A common theme in Guinea-Bissau, apart from strong indications of two world-class petroleum systems, is the excellent fiscal regime. The tax/royalty system in Bissau has always ranked near the top in terms of global petroleum economic systems, with high company take and rapid return on investment. A new Petroleum Code in 2014 strengthened these terms further, simplifying the economic model and improving contractor take.

Great Expectations

There is strong support for the conjugate model in the Atlantic, whereby successful petroleum provinces are mirrored on both sides of what was the same basin, pre-rifting. The qualifier is that “conjugate” does not automatically imply “analogue”. This can be seen to be the case in the Lower Cretaceous basins of the MSGBC, compared to the mainly upper Cretaceous Canje play in Guyana. However, with the strong geological connection between the Demerara Plateau in Suriname and the Guinea Plateau in Bissau, there is strong evidence to suggest the lower Cretaceous play has every chance of success. Oil has been recorded in the Aptian sands of the Keskesi 1 well in Suriname for example, and Macaw 1 (TotalEnergies) and Araku Deep 1 (Shell) will test the flanks of the Demerara Plateau late 2025.

In 2023, after another drop in activity offshore Bissau, Apus took the reigns at the Sinapa Blocks (2, 4A and 5A) from Petronor, with a view to picking up the story at Atum and Anchova. These platform edge 3-way closures against the main fault were believed to be closely analogous to the Sangomar field in Senegal. The geometry of both plays are strikingly similar, but charge and reservoir quality appear to have failed when Atum 1 was drilled by Apus in 2024. The important difference between Atum and Sangomar is a change in depositionary fabric around the AGC area, where Sangomar benefits from thick Albian and Cenomanian reservoir sands to the north, and carbonates in the Aptian. The wells south of AGC preserve much thicker Aptian sandstone reservoirs and very little late Cretaceous. There is a strong case for an upper Jurassic carbonate play to the south as well, as the Guinea Plateau develops. Atum 1 notably did not continue to the Aptian targets, and TD’d early in mediocre Albian sands.

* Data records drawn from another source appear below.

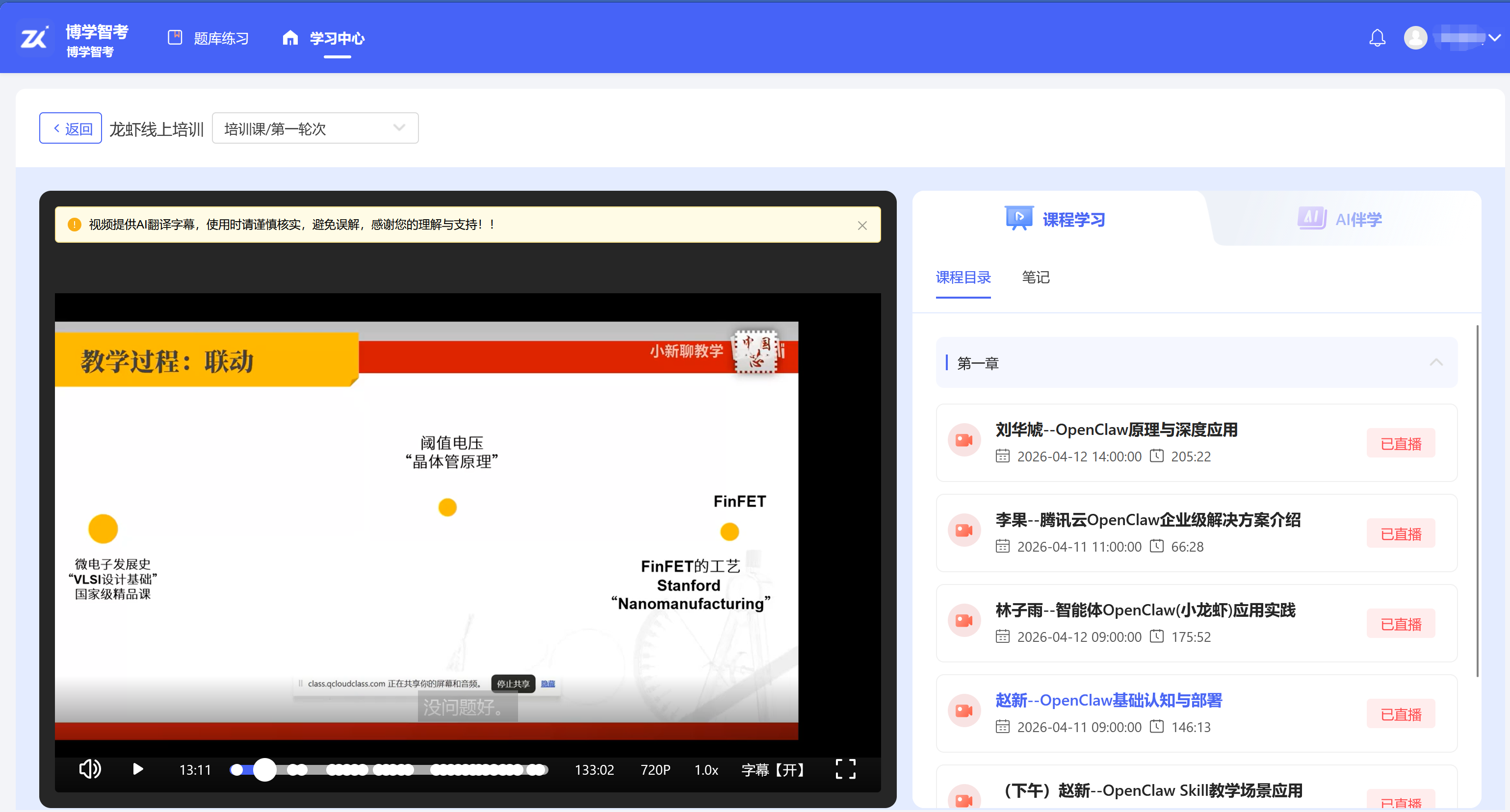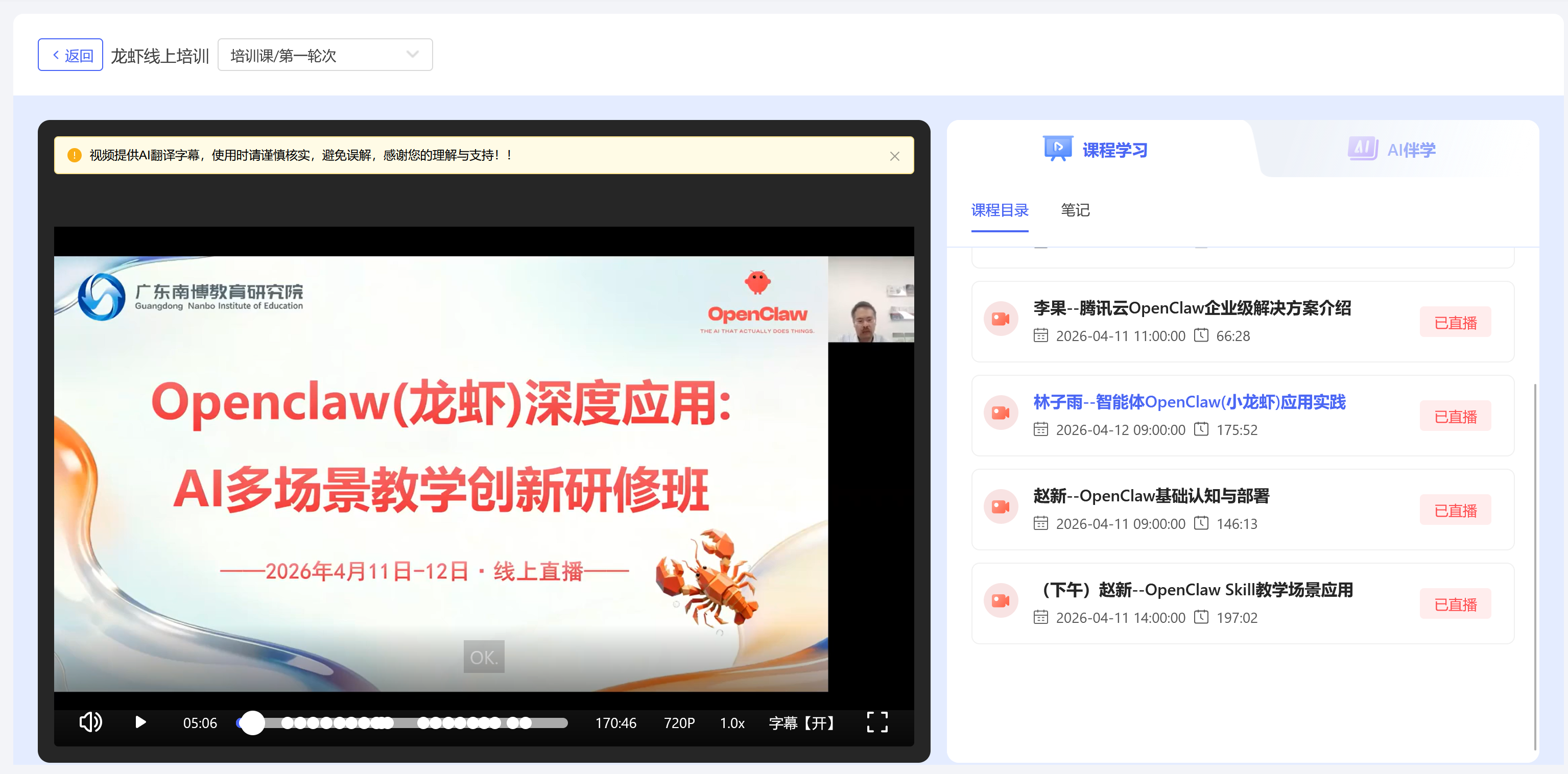 为应对人工智能技术对教育教学的深刻变革,提升教师教学创新与科研辅助能力,在鲁班智能建造产业学院组织下,数字经济与管理学院工程造价专业教师刘琼于4月11日至12日参加了由广东南博教育研究院、东莞南博创新科技研究院有限公司联合主办的“OpenClaw(龙虾)深度应用:AI多场景教学创新研修班”。本次研修班以线上直播形式进行,聚焦开源AI智能体OpenClaw在教学场景中的实操与深度应用。
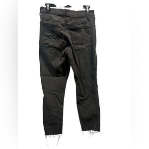 In great cond, button fly closure front and backlog pockets, distressed hem, inseam 26 inches, leg measures 8 inches he’s across . Color is a faded black gray color . Waist is 28 inches
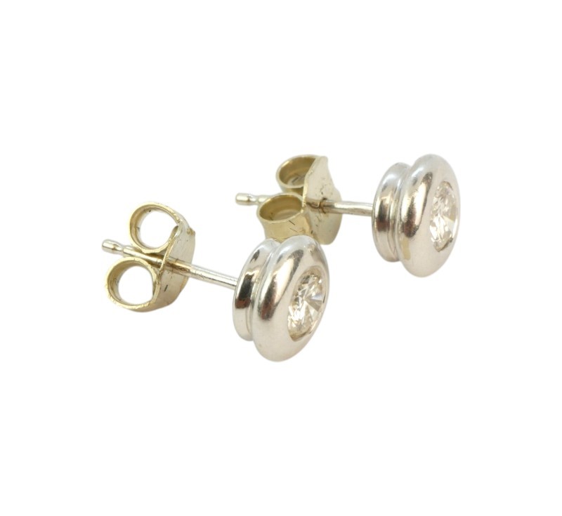 Náušnice z bílého zlata ryzosti 585/1000 zdobené diamanty briliantového brusu o hmotnosti 0,5 ct. Průměr náušnic 6 mm. Celková hmotnost 1,85 g.

The deepwater Guinea Plateau Basin hosts a good number of world-class structures with thick Aptian clastic series, a new play that is yet to be tested in anger, and one that US supermajor Chevron is now starting to size up. Chevron took operatorship of Blocks 5B and 6B, adjacent to Supernova in 7B, in September 2025.

Guinea Bissau will host a number of major exploration campaigns over the next few years, with Supernova, Apus, Chevron and BEC all working on modern 3D data and multiple world-class prospects across the Guinea Plateau basin. The recent country entry by Chevron is likely to prove influential in attracting further oil industry investment, and this most recent phase of exploration is set to pay great dividends.